Dataset items:
- - -

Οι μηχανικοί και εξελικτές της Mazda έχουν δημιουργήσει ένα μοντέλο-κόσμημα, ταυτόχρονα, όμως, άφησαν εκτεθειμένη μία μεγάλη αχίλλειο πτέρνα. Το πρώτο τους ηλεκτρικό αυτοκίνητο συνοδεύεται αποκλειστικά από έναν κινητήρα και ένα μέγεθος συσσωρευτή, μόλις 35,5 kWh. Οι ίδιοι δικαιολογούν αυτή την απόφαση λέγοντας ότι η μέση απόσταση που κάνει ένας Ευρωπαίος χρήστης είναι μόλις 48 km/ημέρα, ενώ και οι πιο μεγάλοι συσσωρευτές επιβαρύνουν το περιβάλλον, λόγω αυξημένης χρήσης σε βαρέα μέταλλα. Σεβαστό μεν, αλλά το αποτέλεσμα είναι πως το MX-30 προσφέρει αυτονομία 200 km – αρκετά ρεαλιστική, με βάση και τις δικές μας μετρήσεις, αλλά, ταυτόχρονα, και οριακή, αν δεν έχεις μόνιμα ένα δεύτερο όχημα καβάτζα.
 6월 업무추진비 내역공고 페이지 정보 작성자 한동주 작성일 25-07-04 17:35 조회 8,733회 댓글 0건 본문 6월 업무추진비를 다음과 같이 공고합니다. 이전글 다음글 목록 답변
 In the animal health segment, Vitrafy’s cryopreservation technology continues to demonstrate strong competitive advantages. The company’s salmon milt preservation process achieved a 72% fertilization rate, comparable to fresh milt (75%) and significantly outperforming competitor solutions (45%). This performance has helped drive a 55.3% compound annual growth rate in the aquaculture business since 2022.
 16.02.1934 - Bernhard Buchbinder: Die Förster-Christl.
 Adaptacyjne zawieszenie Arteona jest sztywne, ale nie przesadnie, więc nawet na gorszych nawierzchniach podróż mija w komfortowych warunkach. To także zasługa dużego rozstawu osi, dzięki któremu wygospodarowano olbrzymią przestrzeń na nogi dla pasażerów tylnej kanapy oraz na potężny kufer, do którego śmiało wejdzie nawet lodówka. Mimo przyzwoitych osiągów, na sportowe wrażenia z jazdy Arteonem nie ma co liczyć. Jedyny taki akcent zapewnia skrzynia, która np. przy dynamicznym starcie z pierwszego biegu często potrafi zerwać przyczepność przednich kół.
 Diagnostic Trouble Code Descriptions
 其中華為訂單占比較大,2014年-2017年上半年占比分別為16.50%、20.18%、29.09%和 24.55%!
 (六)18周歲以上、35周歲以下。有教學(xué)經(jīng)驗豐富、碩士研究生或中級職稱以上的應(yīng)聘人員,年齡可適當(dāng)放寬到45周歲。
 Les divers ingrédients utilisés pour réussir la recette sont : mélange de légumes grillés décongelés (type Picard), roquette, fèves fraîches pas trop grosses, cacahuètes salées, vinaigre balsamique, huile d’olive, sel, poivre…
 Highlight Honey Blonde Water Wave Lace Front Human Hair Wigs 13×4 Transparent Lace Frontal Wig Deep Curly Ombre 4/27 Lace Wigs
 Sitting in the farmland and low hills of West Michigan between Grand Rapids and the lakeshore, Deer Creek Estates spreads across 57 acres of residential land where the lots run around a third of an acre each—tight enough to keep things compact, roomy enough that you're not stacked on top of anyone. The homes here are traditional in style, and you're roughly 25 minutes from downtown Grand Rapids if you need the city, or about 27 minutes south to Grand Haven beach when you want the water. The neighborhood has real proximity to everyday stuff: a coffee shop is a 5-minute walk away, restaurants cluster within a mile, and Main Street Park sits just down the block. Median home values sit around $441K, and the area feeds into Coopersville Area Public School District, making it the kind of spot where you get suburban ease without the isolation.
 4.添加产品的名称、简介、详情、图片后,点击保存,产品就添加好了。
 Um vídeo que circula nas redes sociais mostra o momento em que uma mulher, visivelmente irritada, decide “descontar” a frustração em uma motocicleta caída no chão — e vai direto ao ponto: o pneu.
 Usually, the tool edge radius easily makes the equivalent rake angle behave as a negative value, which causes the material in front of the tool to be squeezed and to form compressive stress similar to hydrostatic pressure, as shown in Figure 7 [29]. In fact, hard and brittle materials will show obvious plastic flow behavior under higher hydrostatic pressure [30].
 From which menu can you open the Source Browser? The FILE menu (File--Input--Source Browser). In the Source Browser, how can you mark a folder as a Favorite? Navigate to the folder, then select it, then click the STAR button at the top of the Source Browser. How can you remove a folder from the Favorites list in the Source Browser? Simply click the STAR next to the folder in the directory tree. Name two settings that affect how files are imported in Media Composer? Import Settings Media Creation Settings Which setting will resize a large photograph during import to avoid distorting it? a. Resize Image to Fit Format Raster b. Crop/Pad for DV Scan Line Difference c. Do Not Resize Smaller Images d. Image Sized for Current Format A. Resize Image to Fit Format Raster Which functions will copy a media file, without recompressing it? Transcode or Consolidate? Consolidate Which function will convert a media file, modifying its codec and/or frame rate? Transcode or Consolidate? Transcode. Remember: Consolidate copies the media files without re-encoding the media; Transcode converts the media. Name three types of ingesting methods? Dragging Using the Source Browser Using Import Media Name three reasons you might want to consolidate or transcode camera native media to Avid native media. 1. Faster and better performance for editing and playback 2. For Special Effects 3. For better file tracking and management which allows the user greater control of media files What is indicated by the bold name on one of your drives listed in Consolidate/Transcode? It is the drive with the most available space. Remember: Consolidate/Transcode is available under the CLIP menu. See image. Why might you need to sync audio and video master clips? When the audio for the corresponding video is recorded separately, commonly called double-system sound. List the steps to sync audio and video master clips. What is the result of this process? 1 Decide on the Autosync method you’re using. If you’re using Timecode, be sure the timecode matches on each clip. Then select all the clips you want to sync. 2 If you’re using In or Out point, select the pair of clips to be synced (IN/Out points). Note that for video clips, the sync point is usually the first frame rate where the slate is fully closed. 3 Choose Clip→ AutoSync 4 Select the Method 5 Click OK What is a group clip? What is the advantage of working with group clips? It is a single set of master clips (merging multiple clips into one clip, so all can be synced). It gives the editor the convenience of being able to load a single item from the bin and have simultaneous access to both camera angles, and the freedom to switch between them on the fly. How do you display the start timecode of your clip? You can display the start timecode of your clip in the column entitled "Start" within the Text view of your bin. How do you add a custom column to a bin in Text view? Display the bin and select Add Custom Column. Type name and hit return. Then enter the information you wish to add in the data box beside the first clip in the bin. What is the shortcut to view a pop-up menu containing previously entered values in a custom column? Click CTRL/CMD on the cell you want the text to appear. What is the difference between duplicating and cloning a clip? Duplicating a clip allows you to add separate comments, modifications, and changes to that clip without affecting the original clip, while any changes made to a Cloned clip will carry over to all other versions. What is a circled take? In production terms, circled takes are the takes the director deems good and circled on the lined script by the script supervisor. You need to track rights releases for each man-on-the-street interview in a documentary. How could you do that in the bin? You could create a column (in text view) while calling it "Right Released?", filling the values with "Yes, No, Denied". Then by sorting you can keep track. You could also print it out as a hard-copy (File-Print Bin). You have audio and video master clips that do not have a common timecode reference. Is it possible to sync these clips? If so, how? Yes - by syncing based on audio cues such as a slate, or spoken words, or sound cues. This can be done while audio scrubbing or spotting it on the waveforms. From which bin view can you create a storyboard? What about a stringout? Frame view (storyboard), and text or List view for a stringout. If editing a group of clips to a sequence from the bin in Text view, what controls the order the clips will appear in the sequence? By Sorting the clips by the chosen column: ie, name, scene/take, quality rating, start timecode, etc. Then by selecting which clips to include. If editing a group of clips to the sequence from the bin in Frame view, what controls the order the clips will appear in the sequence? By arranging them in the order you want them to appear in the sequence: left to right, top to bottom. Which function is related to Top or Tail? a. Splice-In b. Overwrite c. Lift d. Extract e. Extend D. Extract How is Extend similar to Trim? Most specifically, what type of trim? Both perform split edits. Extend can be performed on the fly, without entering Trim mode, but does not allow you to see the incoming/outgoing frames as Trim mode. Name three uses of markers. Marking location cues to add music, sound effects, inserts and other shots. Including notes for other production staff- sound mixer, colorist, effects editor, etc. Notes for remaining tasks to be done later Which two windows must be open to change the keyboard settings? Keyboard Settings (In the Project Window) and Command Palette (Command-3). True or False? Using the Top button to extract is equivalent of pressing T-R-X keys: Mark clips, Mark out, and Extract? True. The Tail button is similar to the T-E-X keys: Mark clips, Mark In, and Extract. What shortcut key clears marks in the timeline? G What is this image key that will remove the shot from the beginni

- - -

• [The problem] Given the records above, restate word for word only the lines starting at the one with "4.添加产品的名称、简介、详情、图片后,点击保存,产品就添加好了。" and ending at the one with "Um vídeo que".

• [Exercise result]
 4.添加产品的名称、简介、详情、图片后,点击保存,产品就添加好了。
 Um vídeo que circula nas redes sociais mostra o momento em que uma mulher, visivelmente irritada, decide “descontar” a frustração em uma motocicleta caída no chão — e vai direto ao ponto: o pneu.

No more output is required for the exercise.